Penelope Cruz talks Everybody Knows

“When we did the takes we would go 100% intensity,” Cruz tells Metro. “It was very intense and very exhausting. I love that I was given this kind of character. I am really feel grateful for Asghar’s trust. But by the end of the shooting, I had a fever every night. At the end, during the last month of the shooting, my body was like flipping out. I was like, ‘What is going on?’ Of course you know it’s a fiction, but I think they a little percentage of yourself gets confused.”

Cruz is the first to admit that she loves “a challenge,” which is exactly why she has done a lot of drama recently, including her acclaimed performance as Donatella Versace in The Assassination Of Gianni Versace. But Everybody Knows tested every mental and physical aspect of her acting talent. 

“I’m not complaining. But this one I think was the most difficult ever. But Asghar also made it very enjoyable. Because he’s a very peaceful man and very kind. So we just wanted to give him 100%. But this was the hardest character.”

But how did Cruz manage to maintain and control her level of anxiety and emotion for such a prolonged period?

“I tried to graduate my energy. At the end of the day if I was done on the set I would go and take a shower and I was done. I was done until the next day. I didn’t want to think about it. I never want to take the character home. But imagine, with one like this, I wanted to do that even less. So I would be on the set totally focused. I felt like I was on some kind of marathon.”
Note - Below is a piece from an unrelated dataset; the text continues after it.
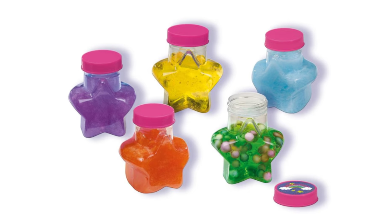Amestecă pudra de slime cu Aqualine, adaugă sclipici și culori și depozitează-ți creațiile în sticlele în formă de stea.
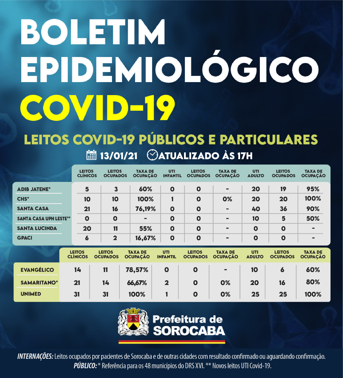 No censo diário de leitos da Covid-19 desta quarta-feira (13), o hospital estadual Adib Jatene está com três leitos clínicos Covid ocupado, sendo cinco pactuados. Já os 20 leitos de UTI Covid (Unidade de Terapia Intensiva) encontram-se 95% ocupados. Outro hospital de esfera estadual, o CHS (Conjunto Hospitalar de Sorocaba), possui 10 leitos clínicos Covid e 10 estão ocupados. O único leito de UTI infantil Covid está desocupado. Dos 20 leitos de UTI Covid disponibilizados neste hospital, 20 estão ocupados.

“I needed an amount of concentration for this one where I could not even really be hanging out with everybody or go to the restaurant a lot. I was locked in a room studying and reading and in my zone. And then I would be there 12 hours a day and by the end of it I would go home and just be by myself, or with my family, and try to forget about everything. Then go back the next day and give 100%.”

It also helped that not only does Everybody Knows star her husband Javier Bardem, but that Oscar winning writer and director Asghar Farhadi had written the character especially for the actress, developing it with her over five years. 

“It was a dream call when he asked. Because I always wanted to work with him. I think he’s one of the greatest directors working today,” she says of Farhadi. “So I got involved in the project from that call and five years later we made the movie. He told me he thought about Javier as well for the movie. Independently, he called him, Javier got attached. So he was having a relationship with both us separately. Sending us treatments and pages and getting us really involved in the process.”

Penelope Cruz talks Everybody Knows

Having seen the likes of A Separation and The Salesman Cruz knew that Farhadi would get a completely honest performance out of her. 

“You really don’t see anybody lying in his films. You don’t see any tricks. It feels like a documentary. The acting he gets, it really feels like things are happening in front of you. So that was why it was so fascinating for me to to work with him.”

How exactly did Farhadi get that performance out of Cruz, though?

“He’s very honest. So if he sees something that he doesn’t believe he will come to that person and say, ‘In that take your eyes were lying.’ Or, ‘That was empty.’ Or, ‘Don’t think that this is a movie. We have to think this is documentary.’ He will be so straightforward and honest.”

“I always prefer that. And that’s the way he can get through his point of view. You don’t want a director that always tells you every single take was great. Because that is impossible. You’re not there to get compliments. You’re there to try to do a good job.”

Everybody Knows is now in select cinemas.